Abstinence-only study could alter sex-education landscape

The study found that abstinence-only sex education programs showed relative success in dissuading 12 year olds from having sex for two years afterward. It is the most comprehensive study to date to bolster an abstinence-only approach to reducing teen pregnancy.

Abstinence-only education does work. Sometimes.

A new study published in the Archives of Pediatrics & Adolescent Medicine Monday showed that young teens given an abstinence-only message were significantly more likely to delay having sex than those receiving more comprehensive sex education.

The research is gaining attention since it’s the first rigorously conducted study demonstrating that an abstinence-only program can be effective.

“This is really game-changing research, because it provides the first strong evidence that abstinence-only education can help very young teens delay sex,” says Bill Albert, chief program officer for that National Campaign to Prevent Teen and Unplanned Pregnancy, a nonpartisan organization. “The menu of proven options just got larger, and that’s good news.”

The study used randomized trials with a group of 662 African-American 6th and 7th graders.

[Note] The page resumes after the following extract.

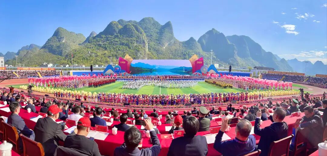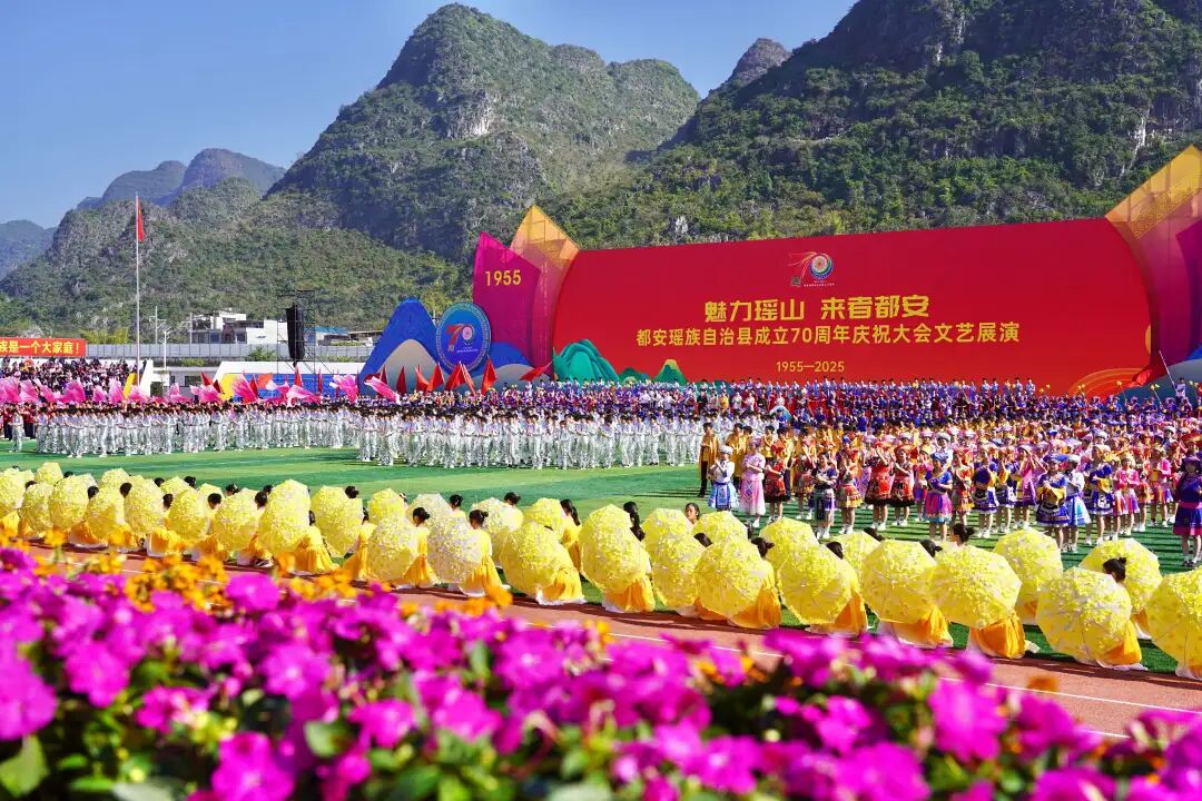 12月15日,都安瑶族自治县举行庆祝大会、群众文艺展演、成就展等活动,喜庆自治县成立70周年,全方位展示都安经济社会发展成就。

Groups were assigned to one of the following:

• An 8-hour abstinence-only program.

• An 8-hour safer-sex-only program.

• An 8- or 12-hour program that combined both.

• An 8-hour control group that just focused on non-sex related health issues.

In the group receiving abstinence-only education, 33 percent began having sex over the next two years, compared with 47 percent of those in the control group. Among the other groups, 52 percent of those taught only about safe sex became sexually active within two years, as did 42 percent of those in the comprehensive program.

Apples to apples?

While abstinence-only advocates have welcomed the study as validation of methods they’ve been pushing for years, critics of such approaches caution that the program in this study is different in a number of respects, and warm against extrapolating the evidence too broadly.

For one thing, the targeted population – with an average age of 12 – was quite young. And for another, the abstinence program was carefully designed to try to avoid pitfalls others have encountered. It counseled children to delay sex “until they are ready” rather than until marriage, avoided a moralistic tone, and was careful not to disparage condom use, and to help children get rid of misconceptions about contraceptives if the subject came up during discussion.

“This is not the kind of program that the federal government has been funding,” says Heather Boonstra, a senior public policy associate at the Guttmacher Institute, referring to the abstinence-only-until-marriage programs that thrived under the Bush administration.

Last week, the Guttmacher Institute released data showing that after a decade-long decline, America’s teen-pregnancy rate rose 3 percent in 2006. Ms. Boonstra is among those who believe some of that uptick may be due to the reliance on abstinence-only programs.

But abstinence-only advocates dismiss such concerns, and welcome the new research.

“This is the most rigorous study to date,” says Valerie Huber, executive director of the National Abstinence Education Association, though she contends other studies have also shown positive results for such programs. “It just verifies what we’ve known intuitively all along, which is that abstinence-only education is a very important strategy to help young people delay having sex.”

A call for more research

The new study’s lead author warns against either side reading too much into the research. “This is one study,” says John Jemmott, a professor at the University of Pennsylvania School of Medicine.

He says he hopes this will spur other researchers to design similarly rigorous studies around abstinence-based programs that use the best practices from comprehensive sex-ed programs and to test it with different populations. “We would like to have a body of evidence.”

The Obama administration has announced its intention to only fund evidence-based teen-pregnancy programs – sharply reducing federal funding for abstinence-only programs. But under those criteria, the type of abstinence-only program used in this new study would be likely to qualify.

One advantage to this, notes Mr. Albert of the nonpartisan National Campaign to Prevent Teen and Unplanned Pregnancy, is that that could offer an effective option for communities who don’t want a more comprehensive approach.

“No matter what the science says, there are going to be communities in this country that will only talk about abstinence before marriage,” he says.